Bagnaia hat bei Ducati Corse seinen Vertrag bereits bis 2024 verlängert. Sein Lenovo-Teamkollege Jack Miller (Platz 4 in Lombok und WM-Vierter 2021) muss zittern, denn Enea Bastianini oder Jorge Martin könnten ihm die Position im Werksteam abspenstig machen.
«Jack Miller fährt noch um einen neuen Werksvertrag», ist sich Stefan Bradl bewusst.
«Wir haben noch 19 der 21 Grands Prix vor uns», fasst der Honda-Pilot zusammen. «Zumindest die ersten neun Fahrer der WM Tabelle können sich Titelchancen ausrechnen.»

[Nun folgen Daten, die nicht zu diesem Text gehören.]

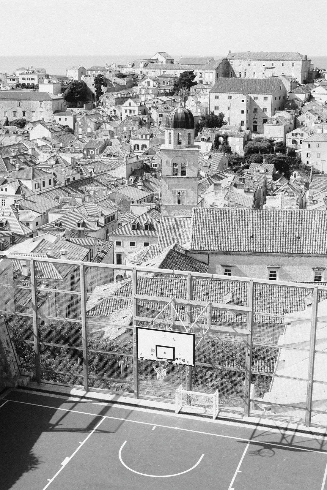 A contrasting scene of everyday life with historic architecture, captured from the vantage point of...
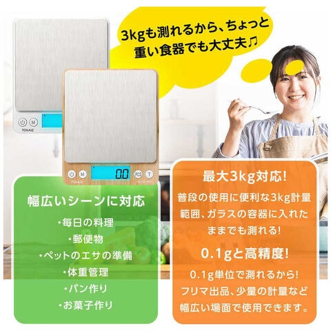 管理栄養士がオススメ!日本地域設定機能付きのデジタルキッチンスケール。0.1g単位の精密計測から最大3kgまで対応し、料理やお菓子作り、コーヒーの抽出まで幅広く活躍。スタイリッシュなデザインでキッチンを彩り、便利なトレー2枚も付属した、おしゃれで実用的な必需品です。

Bradl hat seit Portimão am 7. November, er landete dort auf Platz 15, keinen Grand Prix mehr bestritten. Er muss jetzt vom Testfahrer- wieder in den Rennfahrer-Modus umschalten und ist froh, in Argentinien eine relativ einfache GP-Strecke vorzufinden.
Bradl: «Dieses Autodrom stellt vom Streckenverlauf her körperlich die geringsten Anforderungen von allen GP-Strecken. Las Termas ist eine gute Piste zum Aufwärmen und um in den Rennmodus reinzukommen, für den Fall dass ich dort aufgeboten werde. Denn Termas de Río Hondo ist von den Kurvenradien weitläufig, es gibt wenig harte Anbremsmanöver.»
Der Moto2-Weltmeister von 2011 macht sich trotzdem auf eine schwierige Aufgabe gefasst. Seinen Humor hat er jedenfalls nicht verloren. «Ich habe leider schon 30 Punkte Rückstand auf WM-Leader Bastianini», entgegnete er lachend auf die nicht ernst gemeinte Frage, ob für ihn der WM-Zug bereits abgefahren sei.
Ergebnisse MotoGP Mandalika/IND:
1. Miguel Oliveira, KTM, 20 Runden in 33:27,223 min
2. Fabio Quartararo, Yamaha, +2,205 sec
3. Johann Zarco, Ducati, +3,158
4. Jack Miller, Ducati, +5,663
5. Alex Rins, Suzuki, +7,044
6. Joan Mir, Suzuki, +7,832
7. Franco Morbidelli, Yamaha, +21,115
8. Brad Binder, KTM, +32,413
9. Aleix Espargaró, Aprilia, +32,586
10. Darryn Binder, Yamaha, +32,901
11. Enea Bastianini, Ducati, +33,116
12. Pol Espargaró, Honda, +33,599
13. Alex Márquez, Honda, +33,735
14. Luca Marini, Ducati, +34,991
15. Pecco Bagnaia, Ducati, +35,763
16. Maverick Viñales, Aprilia, +37,397
17. Raúl Fernández, KTM, +41,975
18. Fabio Di Giannantonio, Ducati, +47,915
19. Takaaki Nakagami, Honda, +49,471
20. Marco Bezzecchi, Ducati, +49,473
21. Remy Gardner, KTM, +55,964
– Jorge Martin, Ducati
– Andrea Dovizioso, Yamaha
WM-Stand nach 2 von 21 Grands Prix:
1. Bastianini, 30 Punkte. 2. Brad Binder 28. 3. Quartararo 27. 4. Oliveira 25. 5. Zarco 24. 6. Pol Espargaró 20. 7. Aleix Espargaró 20. 8. Rins 20. 9. Mir 20. 10. Morbidelli 14. 11. Miller 13. 12. Marc Márquez 11. 13. Darryn Binder 6. 14. Nakagami 6. 15. Marini 5. 16. Viñales 4. 17. Alex Márquez 3. 18. Dovizioso 2. 19. Gardner 1. 20. Bagnaia 1.
Konstrukteurs-WM:
1. KTM 45 Punkte. 2. Ducati 41. 3. Yamaha 27. 4. Suzuki 21. 5. Honda 20. 6. Aprilia 20.
Team-WM:
1. Red Bull KTM Factory 53 Punkte. 2. Monster Energy Yamaha 41. 3. Suzuki Ecstar 40. 4. Repsol Honda 31. 5. Gresini Racing 30. 6. Pramac Racing 24. 7. Aprilia Racing 24. 8. Ducati Lenovo 14. 9. LCR Honda 9. 10. WithU Yamaha RNF 8. 11. Mooney VR46 Racing 5. 12. Tech3 KTM Factory, 1.